● DATA EXTRACT
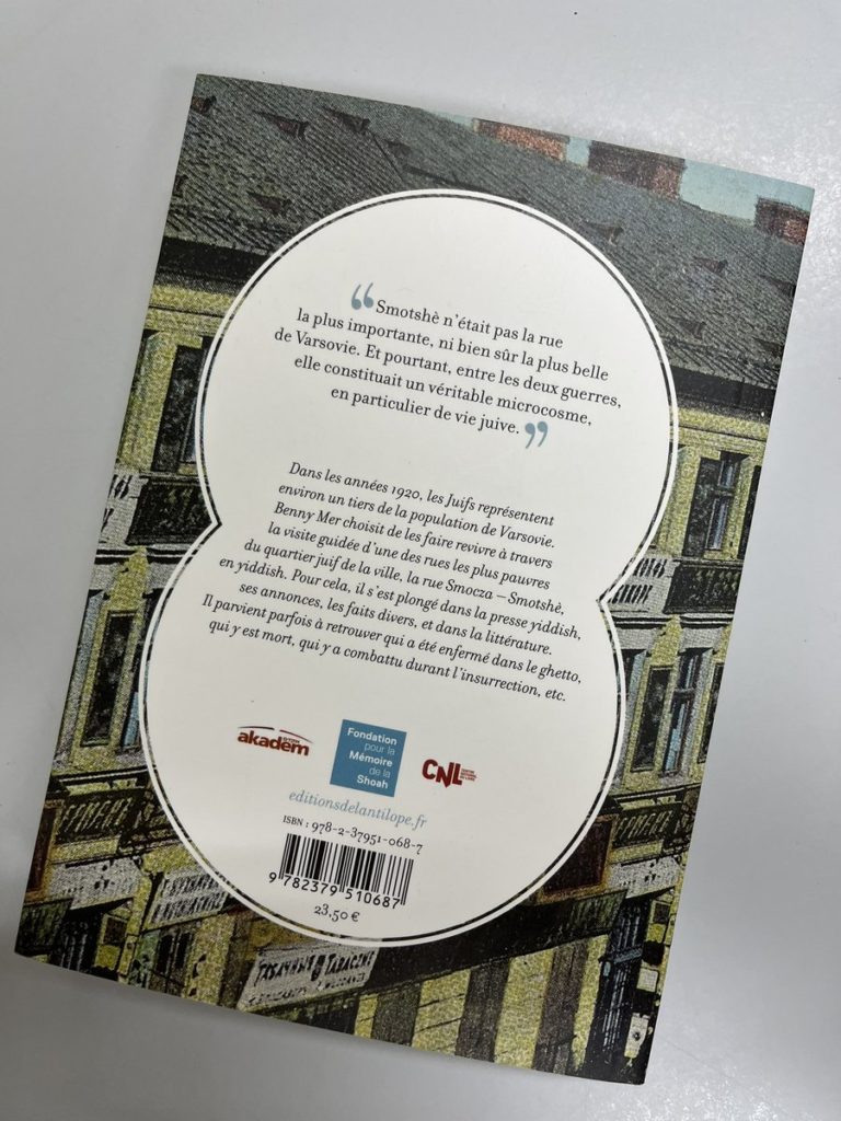 À partir d’une lecture attentive de la presse juive de Varsovie, des auteurs yiddish et de quelques documents filmés (qu’on peut voir encore sur YouTube), Benny Mer tente de faire revivre la vie quotidienne dans cette rue de Muranów, ainsi qu’on appelle ce quartier qui bientôt se fermera en ghetto, puis sera anéanti par les nazis, mais où se trouve aujourd’hui, après sa reconstruction, le monument aux héros de l’insurrection du ghetto avec, en face, Polin, le musée d’histoire des Juifs polonais…
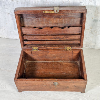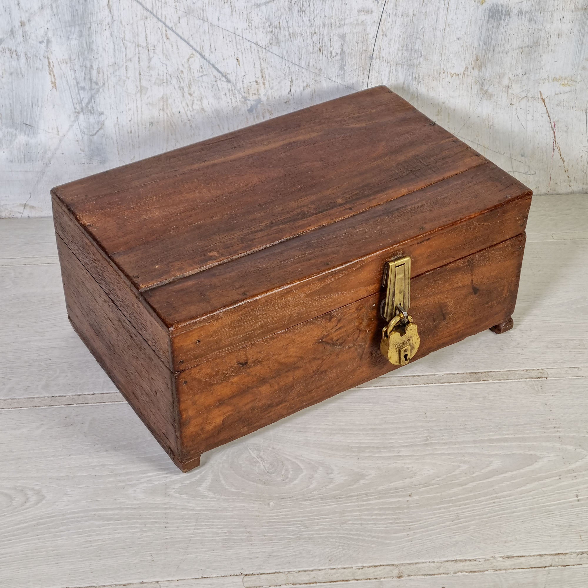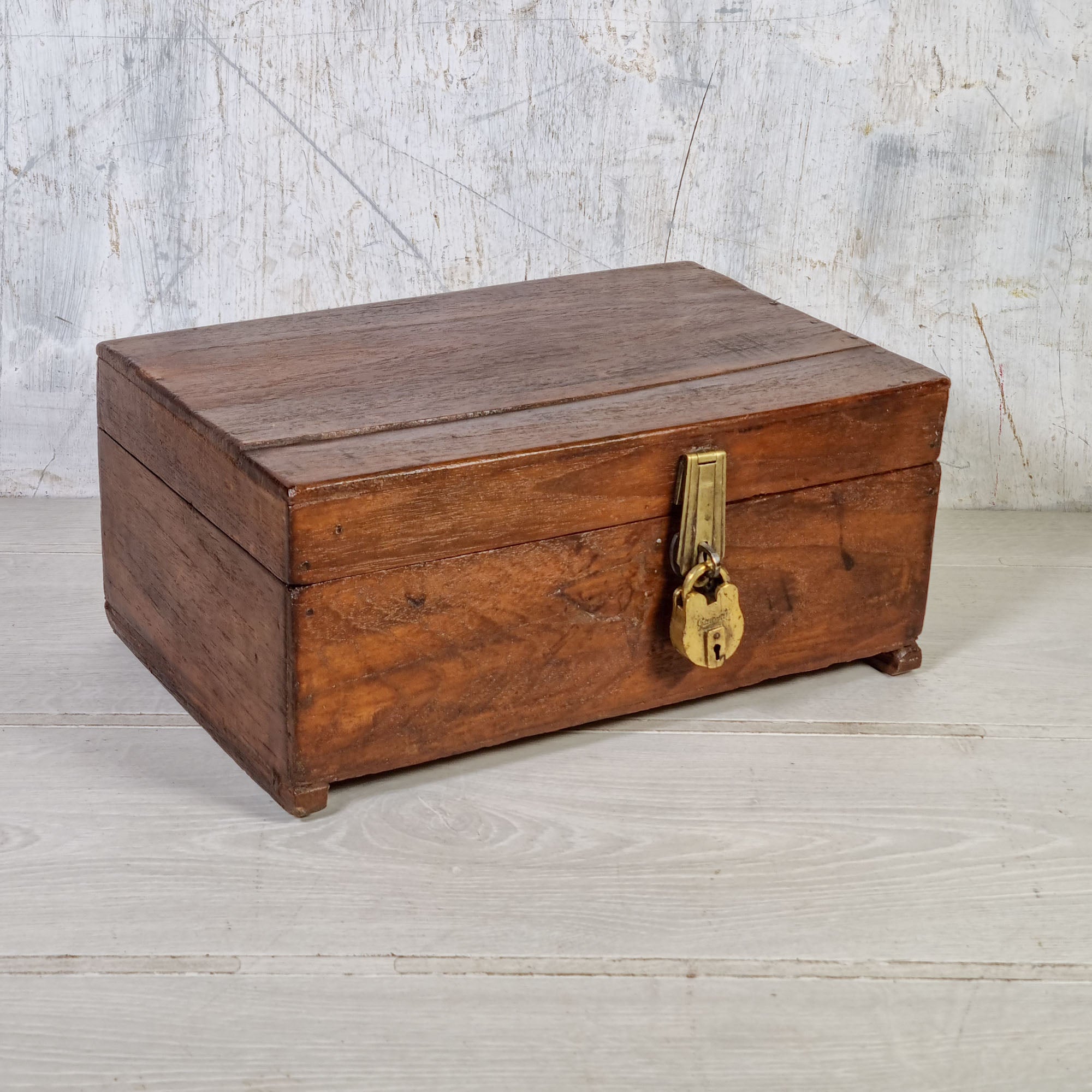 This is a wooden antique chest that a merchant used to store their money, receipts, and records at one of India's bustling traditional city markets. Today, it could be used as a memory box or jewellery box. Made from solid golden teak, it features multiple upper-level compartments and a secret compartment accessed through a sliding lid.
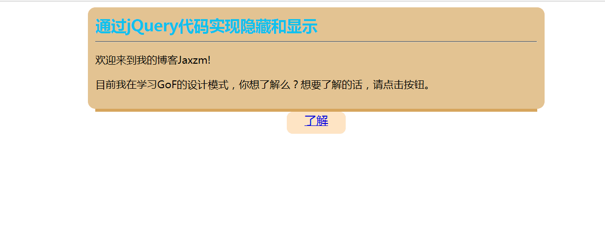 <h2>通过jQuery代码实现隐藏和显示</h2>
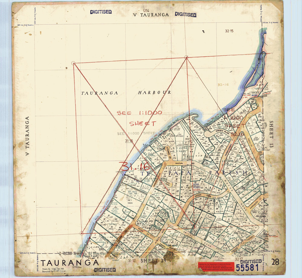 Land Information New Zealand (LINZ), Tile 28: Survey Office map 55581. Pae Korokī, accessed 27/03/2026, https://paekoroki.tauranga.govt.nz/nodes/view/43718

● EXERCISE INSTRUCTIONS
Leave the pictures out and return the rest of the material exactly.

● FINISHED TASK
 À partir d’une lecture attentive de la presse juive de Varsovie, des auteurs yiddish et de quelques documents filmés (qu’on peut voir encore sur YouTube), Benny Mer tente de faire revivre la vie quotidienne dans cette rue de Muranów, ainsi qu’on appelle ce quartier qui bientôt se fermera en ghetto, puis sera anéanti par les nazis, mais où se trouve aujourd’hui, après sa reconstruction, le monument aux héros de l’insurrection du ghetto avec, en face, Polin, le musée d’histoire des Juifs polonais…
 This is a wooden antique chest that a merchant used to store their money, receipts, and records at one of India's bustling traditional city markets. Today, it could be used as a memory box or jewellery box. Made from solid golden teak, it features multiple upper-level compartments and a secret compartment accessed through a sliding lid.
 <h2>通过jQuery代码实现隐藏和显示</h2>
 Land Information New Zealand (LINZ), Tile 28: Survey Office map 55581. Pae Korokī, accessed 27/03/2026, https://paekoroki.tauranga.govt.nz/nodes/view/43718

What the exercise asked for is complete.